# Regenerative Braking Hold Sound



## Jent360 (9 mo ago)

I have a question in regards to regenerative braking. Before I ask my question though some background: For a few days now I’ve noticed a sound (sort of like a click) whenever the “Hold indicator” appears on the touch screen after moving my foot off the accelerator and decelerating from whatever speed to “Hold”. Since noticing this sound I’ve being testing regenerative breaking at different speeds and distances, resulting in the same result, as soon as the “Hold indicator” appears on the touch screen, simultaneously the sound is audible. The sound appears to be coming from the drivers side below the dash along the firewall just below the steering column. I have My Profile for Stopping Mode set to “Hold”. My question, is the sound I mentioned above normal or something I should surface to my Service Center?


----------



## JasonF (Oct 26, 2018)

I hear a very slight clunk noise when it does that.
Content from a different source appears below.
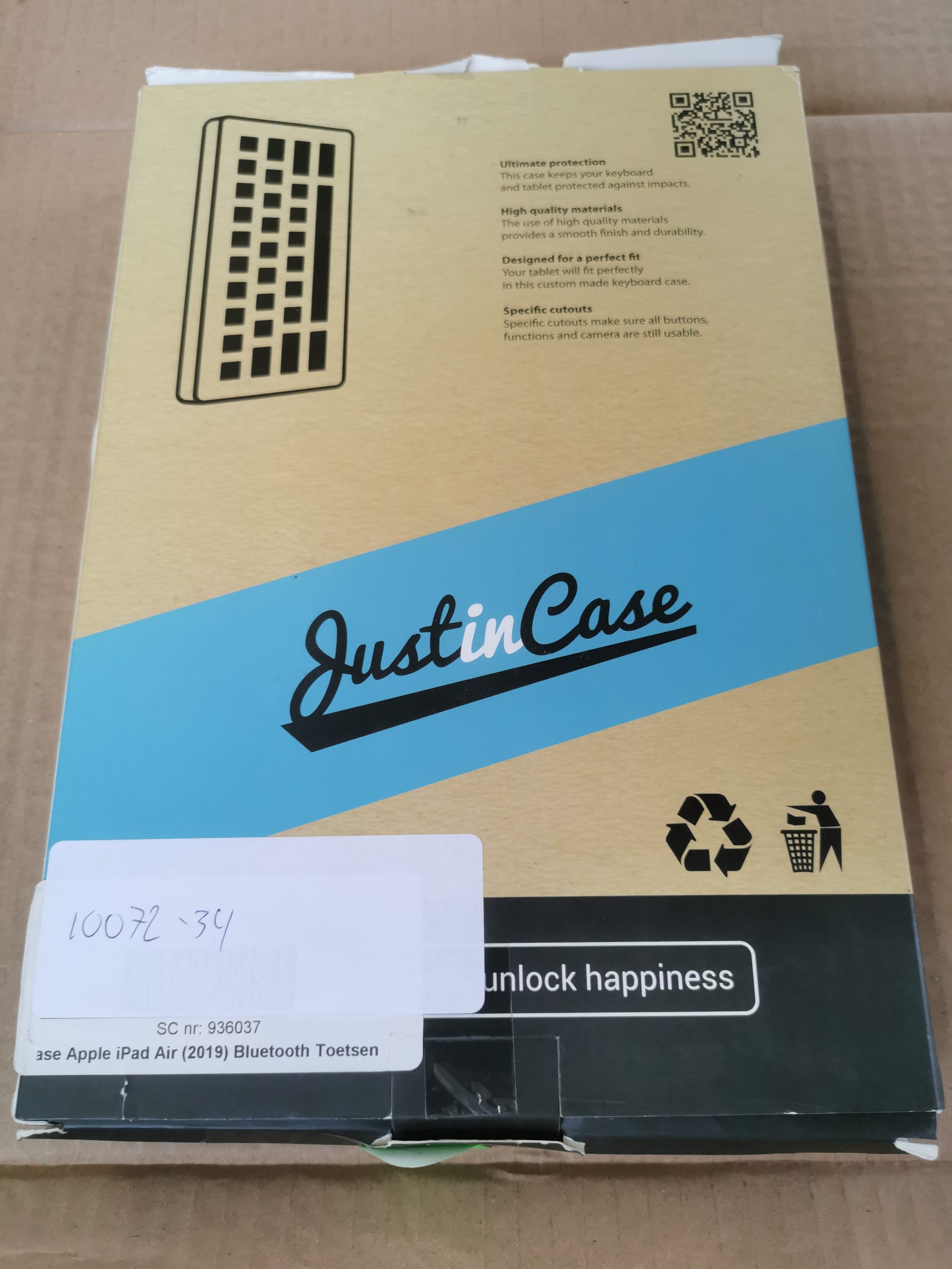 Over de Just In Case premium bluetooth keyboard case Apple ipad Air 2019

If it's very loud you probably could have it checked. Holding the brake down until the Hold appears makes it quieter, but sometimes you just get used to letting it take over instead of pushing down on the brake at a stop.


----------



## Jent360 (9 mo ago)

Thank you. It just sight as you mentioned. If I have the sound system on, which I do most of the tim, it’s not audible. Appreciate the respons.


----------



## garsh (Apr 4, 2016)

If you're still under warranty, have it looked at.

Although, it might be similar to @wackojacko's issue:
https://www.teslaownersonline.com/threads/brake-pedal-noise.18699/


----------